Bright Planet is definitely a novel driven by its setting, and this is where Mews excels. From the detailed descriptions of Bareheep (an early Melbourne) to the descriptions of inland Australia, the novel is infused with the sensual qualities of its period:

He stopped reading. He shook his head as is to clear it, and then took up his quill. The candles had burned low and the light was flickering, but the sounds had returned. Giles could hear the voices now, the songs that carried across th river to his cabin, the raucous clamour of Mollies in their rooms, an argument rising and falling, and the swift crack of a leg breaking on the waterfront. He could hear Elijah Blood coughing in his room, a keening impatient sound, and Giles thought the Captain must be drinking

`The characters themselves have been designed to be amusing, but sometimes Mews sacrifices depth for a very deliberate humour which at times seems gratuitous, such as Doctor Moribund’s flatulence: “Ohh! He moaned. ‘I just ate…Hic…fart.tHup…too much.” (186), Captain Elijah Blood’s continual vomiting, or the many sexual scenes with their acrobatics, yawning fannies, “gamahucheing,” or “piercing thrusts of his dart of love.” (136) It is hard to understand why Blood’s longings would make him so nauseated (vomiting isn’t generally a symptom of love), or why Giles would be so afraid of his wife Mary’s “clitorisme.“ The reader never learns why Giles is hooked on laudanum, why Edwin Robins absconds in the first place (and why the jewellery wasn‘t noticed missing), or even the origins of Giles and Bloods’ dream that sustains the journey well beyond the danger point or the dictates of their English sponsors. Despite the shallow characters the story if full of enjoyable word play, such as “Stately plump Septimus” Sploon’s shaving ritual, which (perhaps along with Doctor Moribund’s fart) is a nod to Joyce’s Ulysses. Other clever wordplays include the alliterative names, not only Septimus Sploon, but Jerker Jenkins and William Weed to take only a few examples. Although the two major characters, Blood and Giles are a little too unreal and lightly sketched to be taken seriously as heroes, especially in light of the pain which both characters are in, minor characters like the desperate Edward Robins or the dumb and dumber styled Cormac and Angel seem to be a better fit for this novel which steadfastly refuses to take itself too seriously.
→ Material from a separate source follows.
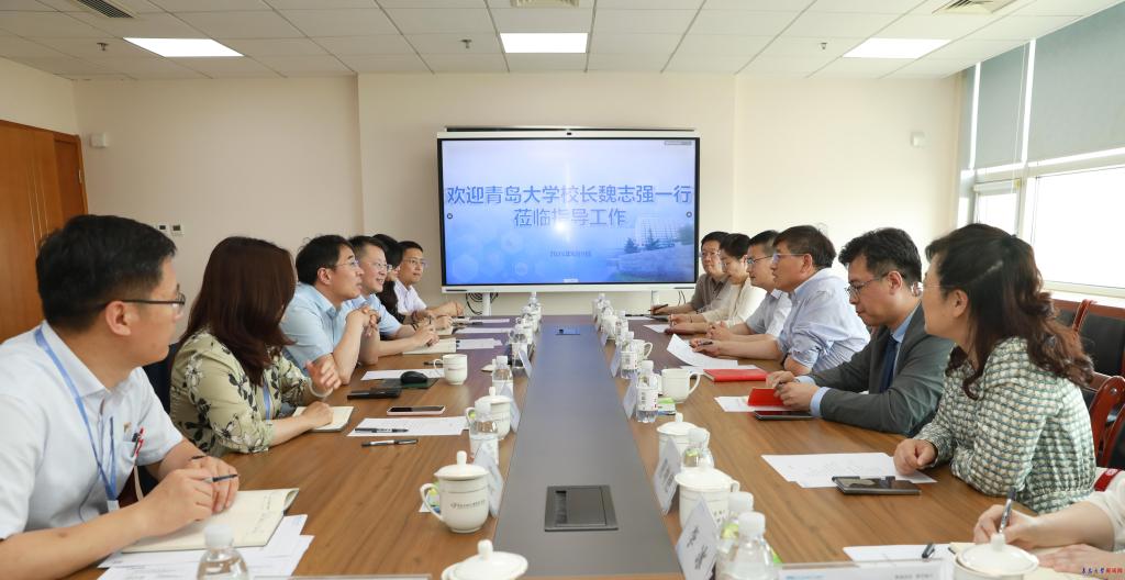 新闻网讯 6月9日,校长魏志强一行赴青岛市妇女儿童医院进行专题调研,了解医院发展现状,共商合作发展大计。校党委常委、副校长牛海涛,青岛市妇女儿童医院党委书记泮思林、副院长(主持行政工作)于洪臣、副院长高岩参加座谈。

They further along we move into the novel, the more we realise that the characters aren’t really the point. It is the setting, the beautiful and squalid surroundings that the crew encounters which pre-dated the adventurers arrival, and certainly pre-date the predatory ambitions of the colonial interest in trip. This is perhaps the heart of the novel: that this beauty, a thing which exists solely for itself rather than to glorify the ambitions of mother England, will be there after the crew has gone (and most of the crew are gone by the time we get to the novel’s end):

The orange cliffs rose high on both sides, shading the river from the fierceness of the sun. A pleasant breeze cooled Mr Bonney’s cheeks, a moment of relief he had not expected. …the aeons had carved a majestic gorge out of the rock, a silent channel between one place and the next. It was a dangerous and lonely fall in the landscape. The geological strata were plainly visible in the walls of rock. Trees clung where they could, but for the most part of rock was bare, and the many ledges and overhands were like so many steps up to a giant’s lair. In which ancient place, amongst the boulders, the timekeepers knelt.”(243)
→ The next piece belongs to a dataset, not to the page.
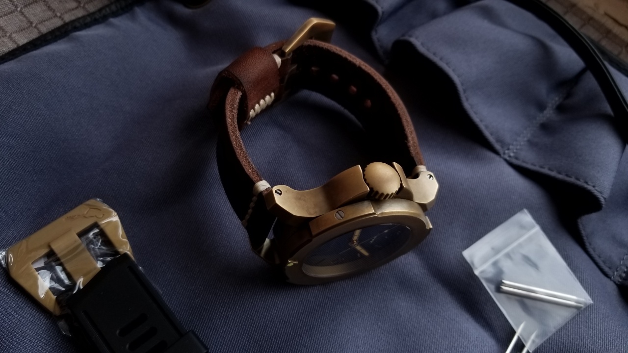 Ремешок: 24 мм коричневая кожа и 24 мм резиновый ремень.

This is a fast moving, enjoyable adventure tale which resolutely refuses to become too serious about its purpose. Instead it is a very visual, funny, historically rich, and occasionally silly trip through an Australia that may or may not have ever existed but is well drawn enough to create its own reality. Bright Planet is rather more than a simple historical fiction – it is a fun, self-referential adventure tale full of bravado, swashbuckling, and the surprising joy of its own language.